**Data for this task**.

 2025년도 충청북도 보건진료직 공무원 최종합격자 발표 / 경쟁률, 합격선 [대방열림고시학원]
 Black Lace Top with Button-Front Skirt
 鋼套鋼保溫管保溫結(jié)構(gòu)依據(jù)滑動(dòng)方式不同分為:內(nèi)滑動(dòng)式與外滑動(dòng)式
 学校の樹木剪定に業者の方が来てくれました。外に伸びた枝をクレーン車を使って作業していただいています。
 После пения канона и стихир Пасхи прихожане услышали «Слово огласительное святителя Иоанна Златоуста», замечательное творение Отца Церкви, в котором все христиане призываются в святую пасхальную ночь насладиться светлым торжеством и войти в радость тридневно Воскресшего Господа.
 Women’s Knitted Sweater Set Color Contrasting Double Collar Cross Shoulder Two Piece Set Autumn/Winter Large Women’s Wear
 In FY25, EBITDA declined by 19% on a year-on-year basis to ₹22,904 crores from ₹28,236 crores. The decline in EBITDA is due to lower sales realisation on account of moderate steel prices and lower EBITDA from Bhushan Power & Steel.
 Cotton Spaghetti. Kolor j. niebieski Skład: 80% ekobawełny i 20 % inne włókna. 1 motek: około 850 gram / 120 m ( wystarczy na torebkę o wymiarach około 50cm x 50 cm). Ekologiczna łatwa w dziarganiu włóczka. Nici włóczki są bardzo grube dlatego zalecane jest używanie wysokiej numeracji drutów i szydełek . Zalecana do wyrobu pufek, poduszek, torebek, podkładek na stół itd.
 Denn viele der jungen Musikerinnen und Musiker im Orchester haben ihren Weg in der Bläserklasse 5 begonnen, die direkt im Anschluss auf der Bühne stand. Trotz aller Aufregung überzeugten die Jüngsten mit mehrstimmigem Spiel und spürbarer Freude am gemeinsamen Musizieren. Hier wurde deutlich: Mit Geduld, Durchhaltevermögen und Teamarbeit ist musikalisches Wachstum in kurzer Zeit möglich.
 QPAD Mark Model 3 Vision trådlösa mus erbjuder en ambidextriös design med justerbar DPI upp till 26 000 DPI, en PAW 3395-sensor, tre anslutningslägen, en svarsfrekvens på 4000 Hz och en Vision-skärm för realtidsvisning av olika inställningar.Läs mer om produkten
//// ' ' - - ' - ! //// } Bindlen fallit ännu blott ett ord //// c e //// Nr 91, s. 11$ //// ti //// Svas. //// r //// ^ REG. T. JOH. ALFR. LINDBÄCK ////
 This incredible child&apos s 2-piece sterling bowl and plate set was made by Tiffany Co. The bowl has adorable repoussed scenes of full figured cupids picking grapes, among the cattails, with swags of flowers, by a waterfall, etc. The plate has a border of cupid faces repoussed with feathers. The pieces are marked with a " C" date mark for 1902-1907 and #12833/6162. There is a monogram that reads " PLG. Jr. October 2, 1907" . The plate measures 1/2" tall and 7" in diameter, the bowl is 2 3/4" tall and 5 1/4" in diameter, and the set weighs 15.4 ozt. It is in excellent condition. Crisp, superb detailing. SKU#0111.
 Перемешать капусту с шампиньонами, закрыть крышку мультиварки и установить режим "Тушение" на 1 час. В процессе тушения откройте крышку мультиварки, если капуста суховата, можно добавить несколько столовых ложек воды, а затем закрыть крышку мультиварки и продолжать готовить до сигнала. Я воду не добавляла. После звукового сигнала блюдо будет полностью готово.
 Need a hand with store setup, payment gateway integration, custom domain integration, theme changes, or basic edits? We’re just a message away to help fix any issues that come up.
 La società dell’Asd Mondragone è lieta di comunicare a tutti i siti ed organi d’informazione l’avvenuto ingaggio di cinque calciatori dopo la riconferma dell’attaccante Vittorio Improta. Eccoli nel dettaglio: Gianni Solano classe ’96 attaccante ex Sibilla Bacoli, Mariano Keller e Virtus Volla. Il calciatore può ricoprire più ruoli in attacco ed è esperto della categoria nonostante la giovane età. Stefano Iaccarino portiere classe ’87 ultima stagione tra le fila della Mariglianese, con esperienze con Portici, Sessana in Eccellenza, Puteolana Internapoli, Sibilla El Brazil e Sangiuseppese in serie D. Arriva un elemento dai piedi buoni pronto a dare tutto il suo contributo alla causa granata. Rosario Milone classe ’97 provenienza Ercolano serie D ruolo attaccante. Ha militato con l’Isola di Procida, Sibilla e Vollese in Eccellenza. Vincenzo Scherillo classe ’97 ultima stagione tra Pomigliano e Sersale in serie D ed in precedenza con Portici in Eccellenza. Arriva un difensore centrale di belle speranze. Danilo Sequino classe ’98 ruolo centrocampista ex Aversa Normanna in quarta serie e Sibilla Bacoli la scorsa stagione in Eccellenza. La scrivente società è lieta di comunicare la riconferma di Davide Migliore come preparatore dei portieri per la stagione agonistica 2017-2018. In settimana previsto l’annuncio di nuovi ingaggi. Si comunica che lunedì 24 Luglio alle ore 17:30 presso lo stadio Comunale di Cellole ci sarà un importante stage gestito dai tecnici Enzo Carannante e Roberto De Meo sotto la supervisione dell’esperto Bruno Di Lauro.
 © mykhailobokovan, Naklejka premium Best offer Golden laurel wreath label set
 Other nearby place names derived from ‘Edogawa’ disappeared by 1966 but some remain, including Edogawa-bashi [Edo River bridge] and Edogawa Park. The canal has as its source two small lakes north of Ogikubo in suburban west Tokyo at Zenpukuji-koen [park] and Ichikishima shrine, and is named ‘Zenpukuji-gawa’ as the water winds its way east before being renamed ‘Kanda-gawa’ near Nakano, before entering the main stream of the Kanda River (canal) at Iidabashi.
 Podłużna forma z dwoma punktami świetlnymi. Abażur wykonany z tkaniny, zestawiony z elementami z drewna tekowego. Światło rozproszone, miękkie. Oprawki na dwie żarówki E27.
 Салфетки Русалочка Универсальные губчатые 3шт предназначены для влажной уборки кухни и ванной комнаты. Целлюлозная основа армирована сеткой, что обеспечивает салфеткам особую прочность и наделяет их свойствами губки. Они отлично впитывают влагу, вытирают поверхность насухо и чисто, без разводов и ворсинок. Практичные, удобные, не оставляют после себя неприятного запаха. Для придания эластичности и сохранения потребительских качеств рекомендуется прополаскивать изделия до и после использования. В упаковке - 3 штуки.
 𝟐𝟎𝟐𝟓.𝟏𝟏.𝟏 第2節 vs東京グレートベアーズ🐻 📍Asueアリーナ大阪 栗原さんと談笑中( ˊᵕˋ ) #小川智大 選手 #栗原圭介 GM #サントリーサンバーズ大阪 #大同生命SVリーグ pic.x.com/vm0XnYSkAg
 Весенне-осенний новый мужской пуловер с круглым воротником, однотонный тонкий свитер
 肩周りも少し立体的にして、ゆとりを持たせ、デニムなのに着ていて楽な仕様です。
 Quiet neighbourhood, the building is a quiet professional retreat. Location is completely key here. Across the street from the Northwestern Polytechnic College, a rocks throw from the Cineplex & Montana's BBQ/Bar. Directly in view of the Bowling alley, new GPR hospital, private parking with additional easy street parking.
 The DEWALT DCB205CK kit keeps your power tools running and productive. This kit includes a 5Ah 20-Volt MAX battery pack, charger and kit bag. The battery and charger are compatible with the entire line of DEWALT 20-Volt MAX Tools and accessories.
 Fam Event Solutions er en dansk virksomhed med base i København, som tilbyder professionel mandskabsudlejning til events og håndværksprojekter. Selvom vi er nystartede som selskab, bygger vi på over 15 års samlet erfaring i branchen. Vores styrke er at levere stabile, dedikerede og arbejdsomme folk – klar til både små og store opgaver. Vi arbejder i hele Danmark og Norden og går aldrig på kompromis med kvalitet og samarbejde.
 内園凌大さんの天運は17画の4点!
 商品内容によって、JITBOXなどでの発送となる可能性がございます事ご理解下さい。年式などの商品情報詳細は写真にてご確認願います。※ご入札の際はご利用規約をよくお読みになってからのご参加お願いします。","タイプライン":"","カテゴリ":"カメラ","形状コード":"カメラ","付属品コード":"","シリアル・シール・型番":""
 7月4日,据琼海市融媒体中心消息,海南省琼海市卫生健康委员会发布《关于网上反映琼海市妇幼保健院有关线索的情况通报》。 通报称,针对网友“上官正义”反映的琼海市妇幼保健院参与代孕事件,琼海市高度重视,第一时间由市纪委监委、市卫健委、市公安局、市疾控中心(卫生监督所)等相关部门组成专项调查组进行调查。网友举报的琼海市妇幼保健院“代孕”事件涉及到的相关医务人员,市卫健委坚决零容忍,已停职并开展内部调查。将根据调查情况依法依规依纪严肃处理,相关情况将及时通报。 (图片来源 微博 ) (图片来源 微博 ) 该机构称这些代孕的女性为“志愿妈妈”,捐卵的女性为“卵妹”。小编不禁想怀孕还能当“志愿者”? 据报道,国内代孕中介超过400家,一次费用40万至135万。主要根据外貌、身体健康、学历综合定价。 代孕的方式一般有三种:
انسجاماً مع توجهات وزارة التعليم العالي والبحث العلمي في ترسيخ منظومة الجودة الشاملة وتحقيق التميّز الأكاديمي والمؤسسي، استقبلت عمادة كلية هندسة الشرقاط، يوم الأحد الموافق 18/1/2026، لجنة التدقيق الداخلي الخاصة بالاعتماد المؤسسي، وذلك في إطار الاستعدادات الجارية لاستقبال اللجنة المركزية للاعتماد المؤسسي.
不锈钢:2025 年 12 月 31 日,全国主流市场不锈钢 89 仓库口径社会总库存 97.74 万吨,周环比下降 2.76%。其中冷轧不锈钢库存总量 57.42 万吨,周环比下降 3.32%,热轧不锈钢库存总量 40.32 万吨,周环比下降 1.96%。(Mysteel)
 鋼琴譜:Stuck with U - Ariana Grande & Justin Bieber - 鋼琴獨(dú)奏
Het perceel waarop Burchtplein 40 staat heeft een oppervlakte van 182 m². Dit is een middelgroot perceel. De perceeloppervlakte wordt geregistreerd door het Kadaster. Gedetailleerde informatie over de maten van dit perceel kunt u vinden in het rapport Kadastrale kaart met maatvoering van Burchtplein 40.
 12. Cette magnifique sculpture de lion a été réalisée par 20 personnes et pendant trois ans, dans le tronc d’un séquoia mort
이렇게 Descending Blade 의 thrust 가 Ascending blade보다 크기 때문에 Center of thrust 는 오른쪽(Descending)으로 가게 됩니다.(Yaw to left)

**Task goal**. Above are the records; copy exactly the lines from the line with "Салфетки Русалочка Универсальные" through the line with "Quiet neighbourhood, the", both included.

**Solved problem**.
 Салфетки Русалочка Универсальные губчатые 3шт предназначены для влажной уборки кухни и ванной комнаты. Целлюлозная основа армирована сеткой, что обеспечивает салфеткам особую прочность и наделяет их свойствами губки. Они отлично впитывают влагу, вытирают поверхность насухо и чисто, без разводов и ворсинок. Практичные, удобные, не оставляют после себя неприятного запаха. Для придания эластичности и сохранения потребительских качеств рекомендуется прополаскивать изделия до и после использования. В упаковке - 3 штуки.
 𝟐𝟎𝟐𝟓.𝟏𝟏.𝟏 第2節 vs東京グレートベアーズ🐻 📍Asueアリーナ大阪 栗原さんと談笑中( ˊᵕˋ ) #小川智大 選手 #栗原圭介 GM #サントリーサンバーズ大阪 #大同生命SVリーグ pic.x.com/vm0XnYSkAg
 Весенне-осенний новый мужской пуловер с круглым воротником, однотонный тонкий свитер
 肩周りも少し立体的にして、ゆとりを持たせ、デニムなのに着ていて楽な仕様です。
 Quiet neighbourhood, the building is a quiet professional retreat. Location is completely key here. Across the street from the Northwestern Polytechnic College, a rocks throw from the Cineplex & Montana's BBQ/Bar. Directly in view of the Bowling alley, new GPR hospital, private parking with additional easy street parking.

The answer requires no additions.